I called Erika a “tart”.

And fortunately, despite her low pH, she didn’t take offense. How can I get away with such a thing?

I used to see Erika daily when she lived in my neighborhood, and we’d talk on the phone more often than was normal. We supported each other (her supporting me was the more likely scenario) in all sorts of crazy adventures. I met her first at church when I was 9 months pregnant with my first kid, and in that short conversation she offered to throw me a baby shower. Who does that? So when Somer told me Erika was sick this week, I was a bit annoyed – annoyed that I couldn’t help her. And really annoyed that she had just brought me some beautiful orange flowers and some sweet orange oil to make me feel better.
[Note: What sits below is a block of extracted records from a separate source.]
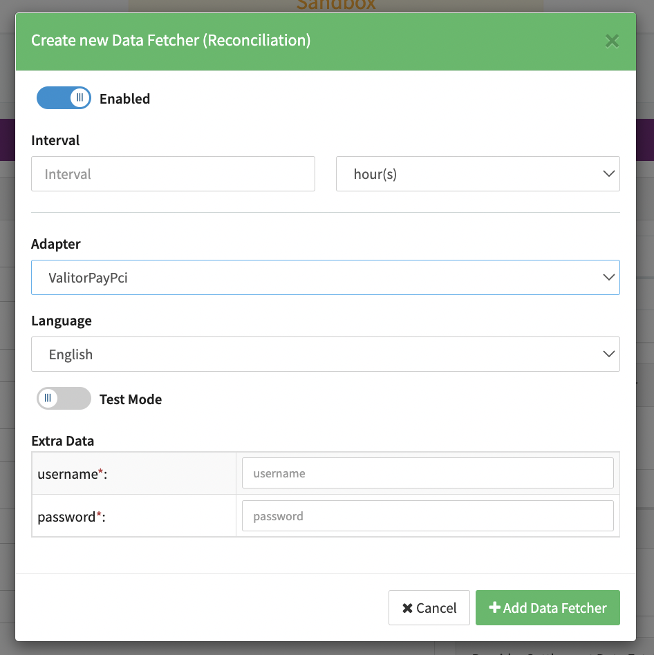 - Enable Testmode to test fetching of Reconciliation files from the ValitorPay Sandbox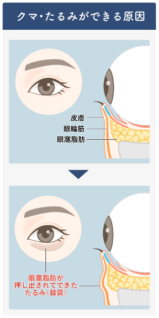 目の下のクマやたるみは、年齢と共に肌の弾力が失われ、眼窩脂肪と呼ばれる目の下の脂肪が前に押し出されることで発生します。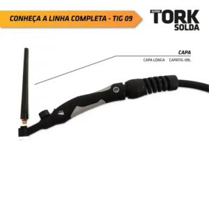 Capa longa para tocha TIG 09 Tork, ideal para fixação e proteção do eletrodo de tungstênio. Proporciona melhor ajuste, maior alcance e estabilidade durante a soldagem. Fabricada com material resistente, garante durabilidade e desempenho no uso profissional.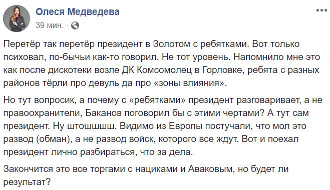 "Перетёр так перетёр президент в Золотом с ребятками. Вот только психовал, по-бычьи как-то говорил. Не тот уровень. Напомнило мне это как после дискотеки возле ДК Комсомолец в Горловке, ребята с разных районов тёрли про девуль да про "зоны влияния".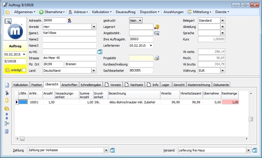 Wenn Sie den metropolis-Belegimport ausführen, werden die Belege als Aufträge importiert und können weiterbearbeitet werden. Beispiel eines erzeugten Auftrages: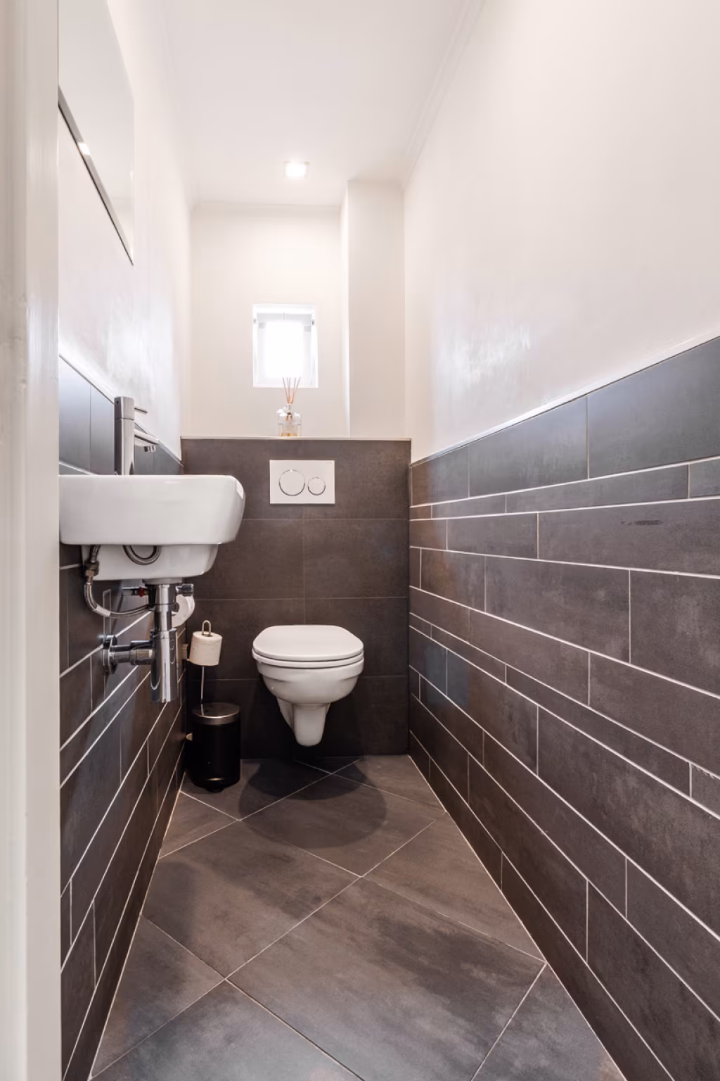 Tweede verdieping: overloop met tweede toilet welke volledig is vernieuwd, cv-opstelling en wasruimte, 3 slaapkamers, waarvan één is ingericht als walk-in closet.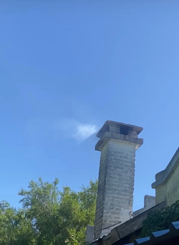 Bei strahlend blauem Himmel und 35 Grad Außentemperatur raucht nun der Kamin und verscheucht hoffentlich die Bienen. Sollen sie sich doch ein anderes Plätzchen suchen!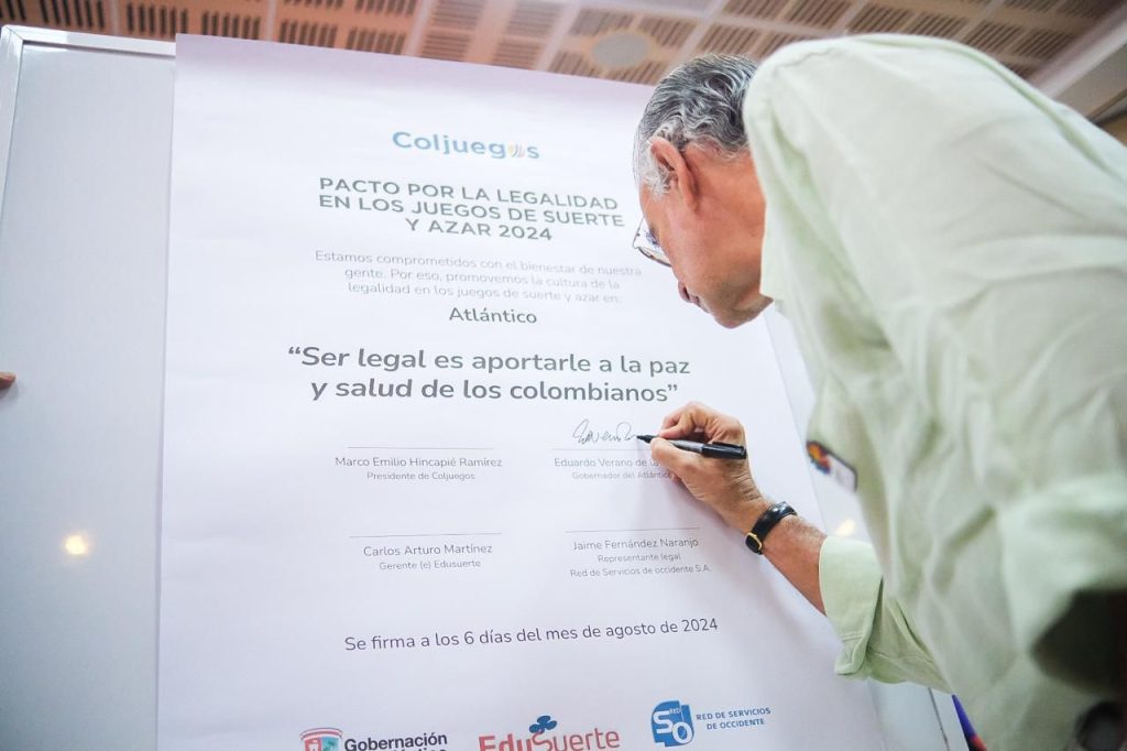 Fortalecer el trabajo interinstitucional para minimizar los impactos negativos que deja al departamento los juegos de azar ilegales, es la principal estrategia de la Gobernación del Atlántico a través de Edusuerte, el Concesionario Red de Servicios de Occidente S.A. y Coljuegos, quienes firmaron este martes el Pacto por la Legalidad 2024.

On Tuesday night Somer texted me to see if she could steal my Wednesday and post, and I couldn’t help but be grateful. When I told her we were sick, dinner showed up the next morning – granted, she wouldn’t touch us, but she brought us yummy, healthy dinner and it was the first meal I’d had in three days that I could actually eat. And then she told me, “We sisters, without family nearby, we have to take care of each other.”

I get random calls, texts and emails from these lovely women just to see how I am, or to share a funky new recipe they tried and loved, or to vent about something annoying that happened in their day. We split co-op orders, watch each others kids (or get together for lunch and ignore the kids hoping they haven’t destroyed anything), and laugh when it seems the only other choice is to cry.

Sometimes I get distracted and think this whole blog experience is about food and about getting ourselves “out there” to share with the blogosphere some radical and genius creation.

But it’s not. Because really, this incarnation of GCF was started to share recipes and ideas, and support each other as we ventured into plant-based (and totally counter-culture) goodness. See, we’re not radicals, punks, legitimate hippies, or even very edgy. I mean, let’s be honest – I’m a (non-practicing) lawyer married to an engineer and LDS Bishop with three kids, a minivan and a mortgage. So what if my hair is short and sometimes I wear funky clothes? I’m still plain (real, fair trade, organic and yummy) vanilla Jane, and to enter a world without hamburgers and pot roasts was going to require cheerleaders and support.

And yet, I’ve been annoyed at what seems to be this crazy preoccupation with food. It’s everywhere. We have whole channels and millions of websites dedicated to recipes and chefs and cooking skills. In my humble opinion, I think it’s distracting us from what we really NEED from our culinary experience.

I love when Barbara Kingsolver and other writers talk about creating a food culture. About how eating is so, so much more than just calories in. It’s even more than creating a visual and delicious masterpiece to post on a blog so others can see how cool we were this week. It’s not just creating that Norman Rockwell Thanksgiving dinner complete with smiles and a squishy grandmother. It’s about community, about bringing life and love together, about healing and creation and gratitude for the bounty and blessings God gives us, and about helping each other through really, really, really hard weeks. Like this one.

Life won’t get easier, because that is what life is for, to refine us. I’m just grateful that we won’t have to do it alone and that in this little corner of the world, we’ve done something a little bit right in creating a beautiful and welcoming community that maybe, just maybe spills over a little into that great wide world.